POLL: What’s Your Favorite ‘Woke Glenn Beck’ Joke?
When did Glenn Beck move to Brooklyn? pic.twitter.com/fK81eHlX4S
— andrew kaczynski (@KFILE) November 16, 2016
@KFILE When did he become an FDR cosplayer?
— Kevin M. Kruse (@KevinMKruse) November 16, 2016
@wessw woke Beck looks like what neocon Beck imagined woke Beck might look like
— JPS (@JasonPStarling) November 16, 2016
woke glenn beck looks like the kind of guy who likes to talk about how he used to search the jungles for lost Aztec gold
— Emma Stefansky (@stefabsky) November 16, 2016
woke Glenn Beck looks like he owns a Japanese ceramics store in Silver Lake pic.twitter.com/J61wUxFM9j
— Churlish (@Cryptoterra) November 16, 2016
Of course, the real irony is that it's the left that has woke to Glenn's message on racism.

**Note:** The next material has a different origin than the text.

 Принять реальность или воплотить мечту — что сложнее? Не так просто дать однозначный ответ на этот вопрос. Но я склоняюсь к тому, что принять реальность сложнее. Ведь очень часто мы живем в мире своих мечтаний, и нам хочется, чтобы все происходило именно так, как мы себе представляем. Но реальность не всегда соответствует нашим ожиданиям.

“Please, I’m begging you, please read as much Martin Luther King as you possibly can,” Glenn said in 2014. “Yesterday I was reading --- and I’m telling you, this sounds exactly like the people in Washington D.C. --- he’s talking about the difference between, you know, being wise like serpents and tender as doves. That’s what we’re commanded to be --- as wise as serpents and as tender as doves.”

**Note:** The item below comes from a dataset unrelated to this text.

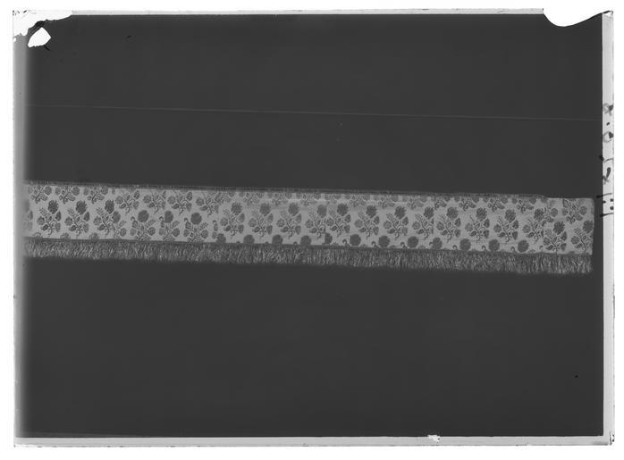 | Keywords: Sängomhänge, Torpa stenhus - Livrustkammaren - 36181-negative.tif LSH artwork sv Del av sängomhänge till stolpsäng Sängomhänget består av fyra våder De två yttre och en av mittvåderna är i benvitt siden med invävt mönster i form av stiliserade blommor i geometriska former Den andra mittvåden är av svart sidenatlas med invävda blomsterkvistar i gul cerise vit och grön silke Överst är den svarta våden lappad med en remsa i samma tyg Vit vådbredd ytterst 465 mm i mitten 225 mm Svart vådbredd 500 mm <br/>Franskant runt om långsidorna och nedre kortsidan av svart beige och vit silke bredd 18 mm <br/>Längs överkanten elva metallringar av vilka nio är av gul grövre metall med raka kanter Två är av vit metall Fästa med beigefärgat garn eller beige/svarta sidenband original caption silk Färg benvit vit d1 - dräkt - yttermaterial material siden - silk Färg svart gul cerise vit grön d1 - dräkt - yttermaterial material sidenatlas - silk Färg svart beige vit d4 - dräkt - passpoaler band kantning uppslag material silkesfrans - metal Färg gul vit d5 - dräkt - knappar och spännen material metall - yarn Färg beige d5 - dräkt - knappar och spännen material garn - silk Färg beige svart d5 - dräkt - knappar och spännen material sidenband g 560 size mm 1720 1690 LRK Himmelssängar place of origin original filename LN_B16494_019374 56192 inventory number LRK 19612 36181 CC0 Sängomhänge Torpa stenhus - Livrustkammaren - 36181 tif <gallery caption Different images of same object > File Sängomhänge Torpa stenhus - Livrustkammaren - 44739 tif File Sängomhänge Torpa stenhus - Livrustkammaren - 10496 tif File Sängomhänge Torpa stenhus - Livrustkammaren - 61861 tif File Sängomhänge Torpa stenhus - Livrustkammaren - 53300 tif File Sängomhänge Torpa stenhus - Livrustkammaren - 19058 tif File Sängomhänge Torpa stenhus - Livrustkammaren - 78982 tif File Sängomhänge Torpa stenhus - Livrustkammaren - 70423 tif File Sängomhänge Torpa stenhus - Livrustkammaren - 27620 tif </gallery> |

For year's Glenn has followed the example set by peace-loving men like Martin Luther King, Jr. and Ghandi who changed the world through love, not hate.

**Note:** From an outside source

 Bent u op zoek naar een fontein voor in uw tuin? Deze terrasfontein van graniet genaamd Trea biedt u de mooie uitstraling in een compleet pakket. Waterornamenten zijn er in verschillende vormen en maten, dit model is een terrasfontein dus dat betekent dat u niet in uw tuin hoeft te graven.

Here's what Glenn said on MLK Day, January 19, 2015:
Here we sit on Martin Luther King Day, a day that should unite us, but I fear now in today’s America it divides us. Last week, I saw Oprah Winfrey’s movie Selma. I said that it was critical that every American go see it. The media seemed surprised by that statement. I don’t know why. Is it because I favor smaller government? Is it because I believe in personal responsibility? Why?
Martin Luther King is an exceptional American hero that belongs to all of us. He is our modern-day Abraham Lincoln, our modern-day Moses, delivering people from slavery.
Unless the left begins to talk to the right, and the right to the left, America will stay in the same, divided place. It's incumbent upon all of us to reach out to our neighbors and those who disagree with us to bridge the gap and find that we really do have common ground.
Now if we could just get Woke Beck a stylist.